第22回「自分たちの問題なんだから」

熱血先生 今日も走る!!!
       「子は宝です」
中野敏治
「自分たちの問題なんだから」
 中学一年生を担任していた時のことです。「先生のクラスは、授業中におしゃべりが多くなってきていますよ」と、教科指導の先生が私に声をかけてくれました。
 中学校は教科担任制ですので、私の授業の時には、さほどおしゃべりはないのですが、他の教科では、おしゃべりが多くあったようです。
今のままでいいの?
 学級で授業の様子について、学級委員が司会をし、クラスみんなで、どうしたらいいのかを話し始めたのです。
 担任の私は、教室の後ろで、じっと生徒の話し合いの様子を見ていました。生徒が自分たちで解決できないと、教師がいないところでは同じ問題を繰り返すと思ったのです。

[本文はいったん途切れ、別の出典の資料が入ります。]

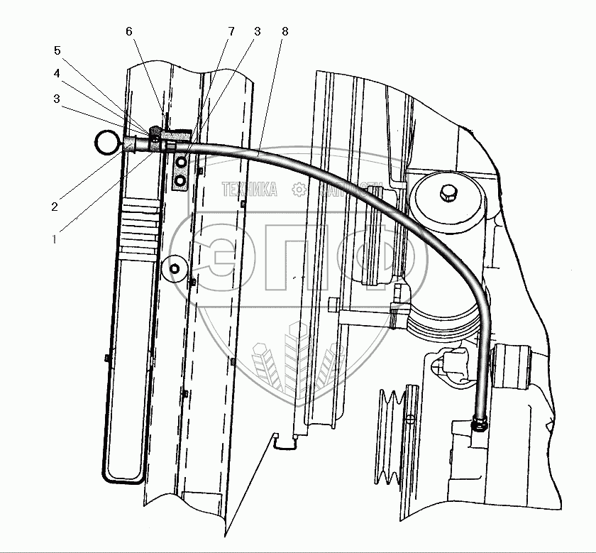 Каталог запасных частей к технике: УралАЗ УРАЛ-63674. Установка указателя уровня масла
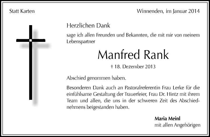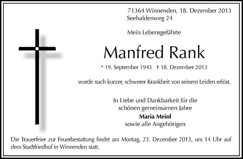 Hier finden Sie alle Traueranzeigen aus der Zeitung, die bisher für Manfred Rank erschienen sind. Weitere Traueranzeigen, die in der Zeitung erscheinen, werden hier ebenfalls aufgelistet
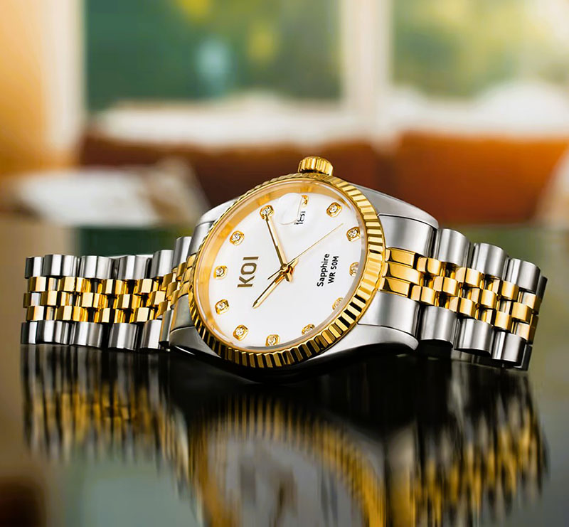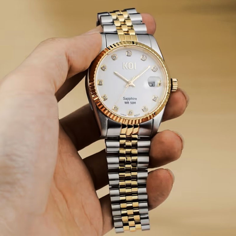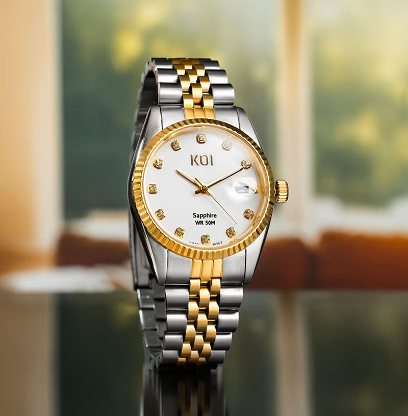 ĐỒNG HỒ KOI NAM K002.403.641.50.01.04 – SWISS QUARTZ – DÂY ĐỜ MI – SAPPHIRE – 5ATM – 38MM Sử dụng bộ máy Ronda Thụy Sỹ chính hãng mang đến độ bền cao và ổn định. Kiểu dáng đồng hồ thời trang với dây kim loại mạ màu vàng đờ mi phối cùng lớp sơn mài ấn tượng trên nền số, viền khứa ren cưa và vạch số được đính đá lấp lánh, sang trọng. Mặt kính sapphire chống trầy xước cùng với tiêu chuẩn chống nước 5ATM đảm bảo mang đến sự an tâm cho người đeo.
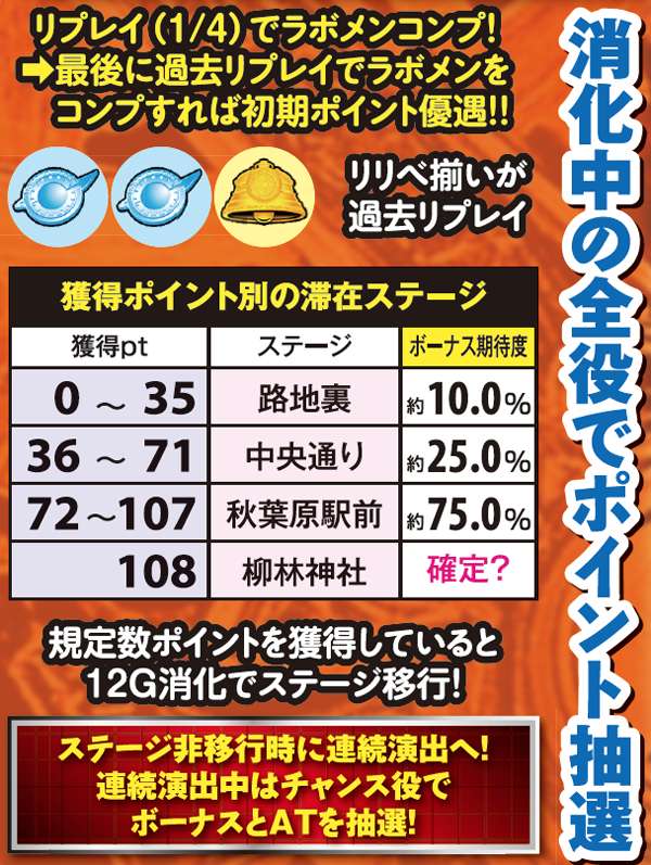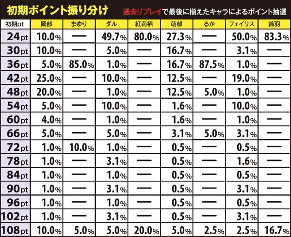 通常リプレイでラボメンコンプした際は最大でも42ptスタートとなるが、過去リプレイでラボメンコンプすれば最大で108ptスタート。ラボメンコンプ時のキャラと獲得ポイントを示唆する滞在ステージにも注目したい。
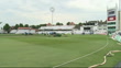 England v India: photocall and India training; ENGLAND: Nottingham: Trent Bridge:EXT*** WARNING SOME FLASH PHOTOGRAPHY *** Alastair Cook (England captain) and Mahendra Singh Dhoni (MS Dhoni, India captain) from pavilion and along to pose with trophy / Various shots of Indian cricket team practising on pitch
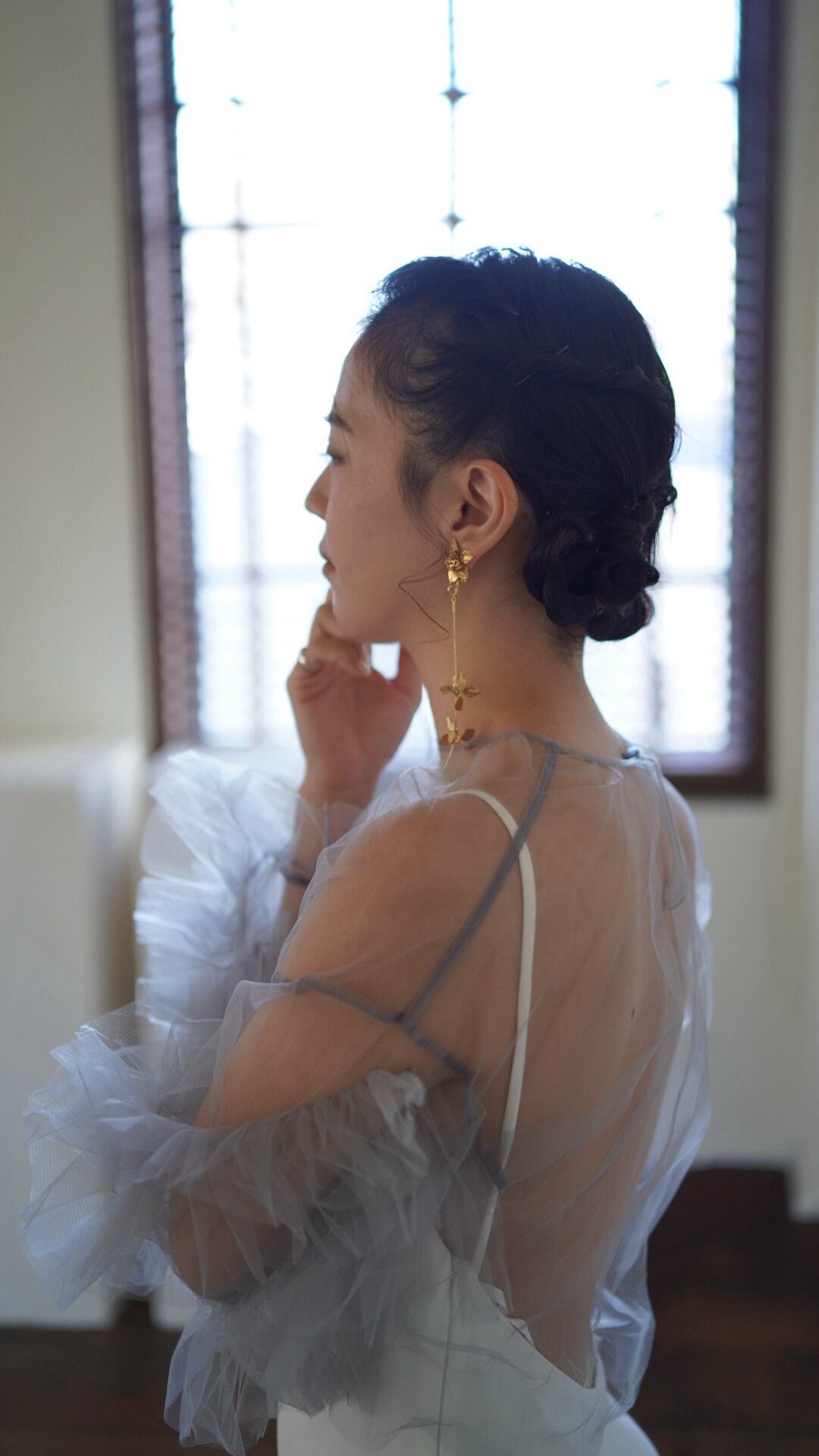軽やかに揺れるデザインが、お顔周りに優雅な輝きを添え、歩くたびに繊細なニュアンスを生み出します。

 話の様子から、やはり静かに授業を受けている教科とそうでない教科がありました。話し合いは進みませんでした。それでも私はじっと教室の後ろで生徒の様子を見ていました。
 なかなか話が進まない状況の中、ある女子生徒が教室の後ろを振り向き、私に声をかけてきました。
「先生、男子がうるさいんです」
「注意してもきかないんです」。
 その言葉に男子が反論です。
「うるさいのは、俺たちだけじゃないよ。女子もおしゃべりしてるじゃん」と。
男女で言い合う形になりました。
 それでも私は黙って見ていました。司会の生徒も困った様子でした。
「シズカニ」ってどんなカニ
 そんな状況の中、ある女子生徒が手を挙げたのです。
「ねぇねぇ、カニを作ろう!」と。クラスのみんなは「いきなり、何を言い出すんだ」という顔をしました。きっと私もそんな顔をしていたと思います。
 彼女は話を続けました。「食べるカニでなく、シズカニというカニを作るんだよ」と。「なにそれ?」とみんなが興味を示しました。
 「だって、授業中にうるさいとみんな『静かに』っていうでしょ。だから『シズカニ』プラカードを作るんだよ。カニの形をしたプラカードだよ。それを使えばいいよ。言葉で注意しなくても、このカードを見て、みんなが気づけばいいんだよね」と。みんなの顔が明るくなりました。なんか楽しそうだという顔です。
 「そのカニ、どうする?」
「教室の前に貼る?」
「一番前に座っている人が、持っていて、授業中、うるさいと感じたら、その『シズカニ』プラカードを持ち上げればいいよ」
など、話がどんどん盛り上がっていきました。クラスの問題を話し合っているのに、みんなが楽しそうなのです。翌朝には一匹の「シズカニ」ができていました。
 朝から、みんなワクワクです。朝の会で学級委員長が「○○さんがシズカニを作ってくれました。今日から私たちのクラスの仲間です」と。その言葉を聞いた一人の生徒が「でも、そのカニが活躍しないほうがいいんだよね。作ってくれた○○さんにはわるいけど」と。
 一校時の授業が始まりました。一番前に座っている生徒の机の横には「シズカニ」プラカードが置いてありました。その生徒は、「シズカニ」の事が気になって仕方ありませんでした。
 不思議です。それから授業は静かになりました。いつしか「シズカニ」は、教室の後ろの壁に貼られていました。